Ему требуется немалое усилие, чтобы оставаться спокойным, не улыбнуться и ничем не выдать своего взволнованного нетерпения.
- Кто?
- Демоны, - глаза ее мечутся из стороны в сторону, такие блестящие, как будто она рассказывает ему о своем первом поцелуе, - Они живут у меня в животе.
Кончики его пальцев вжимаются друг в друга.
- И давно они там?
Она пожимает плечами.
- Я не помню, - глаза ее сощуриваются, но он совершает ошибку, думая, что она вспоминает. Воображение ее дарит ей прекрасные картины того, как она один за другим ломает карандаши в спине этого гадкого создания.
- Как они появились? - он открывает записную книжку в кожаном переплете, берет со стола черную шариковую ручку.
- Не знаю. Я просто почувствовала их.
- Что они делают? - он ведет сталью по бумаге, но чернильного следа не остается, как не остается воспоминаний об электрошоке.
- Кружатся.
Он вытягивает один из карандашей и она замирает, она останавливает вдох на середине. Его выбором стал единственный красный, он не замечает сломанного грифеля, он подносит его к бумаге и в то мгновение, когда дерево с оглушающим хрустом впивается в нее, девушка вздрагивает и чувствует пугающий жар между ног.
Она задумывается о том, что не знает, как делают карандаши, как помещают в тонкое дерево черный стержень и эта тайна добавляется к длинному списку, в котором уже отмечены секреты изготовления таблеток, снимающих головную боль, настоящие причины набухания полового члена, несоответствие между внешним видом букв и их произношением, назначение шипов на кустарниках с горькими ягодами, причиной, по которой лисицы становятся рыжими весной и многими прочими явлениями, найти объяснение которым собственными силами она не смогла.
Пробормотав неясное проклятье, он бросает карандаш на стол и берет другой, записывает невидимое ей, но необходимое.
- Я отправлю вас к специалисту.
- Демонологу?
Едва заметную улыбку его смог бы различить только самый ловкий в рассказах охотник.

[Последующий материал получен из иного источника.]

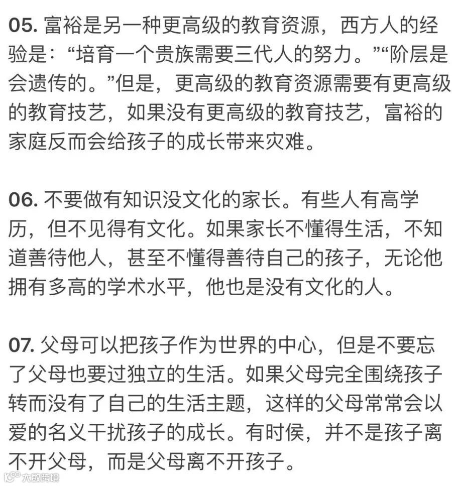 12. 有修养的父母是“伏尔泰主义者”,“我不同意你的观点,但我誓死捍卫你说话的权利”。他们从孩子出生的那天就开始跟孩子讲道理,耐心的征求孩子的意见。不要指望打骂孩子就能让孩子学会服从。杀鸡给猴看的结果是:猴子也学会了杀鸡。

Он кивает, выписывая направление, карандаш скользит по желтоватой бумаге, с наслаждением пересекая высеченные на ней ровные тонкие линии.
Ночью она слышит голос.
Вторгаясь в ее беспокойный сон так же, как голодная змея пробирается в гнездо незадачливой птицы, он зовет ее по имени и сперва она не признает его, отмахивается от него руками, мечется из стороны в сторону, пытается скрыться под подушкой, но затем, в мгновение, когда призраки сновидений отступают, испугавшись кошачьей тени, она слышит этот зов так ясно, что вскакивает на постели и простыня съезжает на пол, прикрывая блестящие под кроватью глаза.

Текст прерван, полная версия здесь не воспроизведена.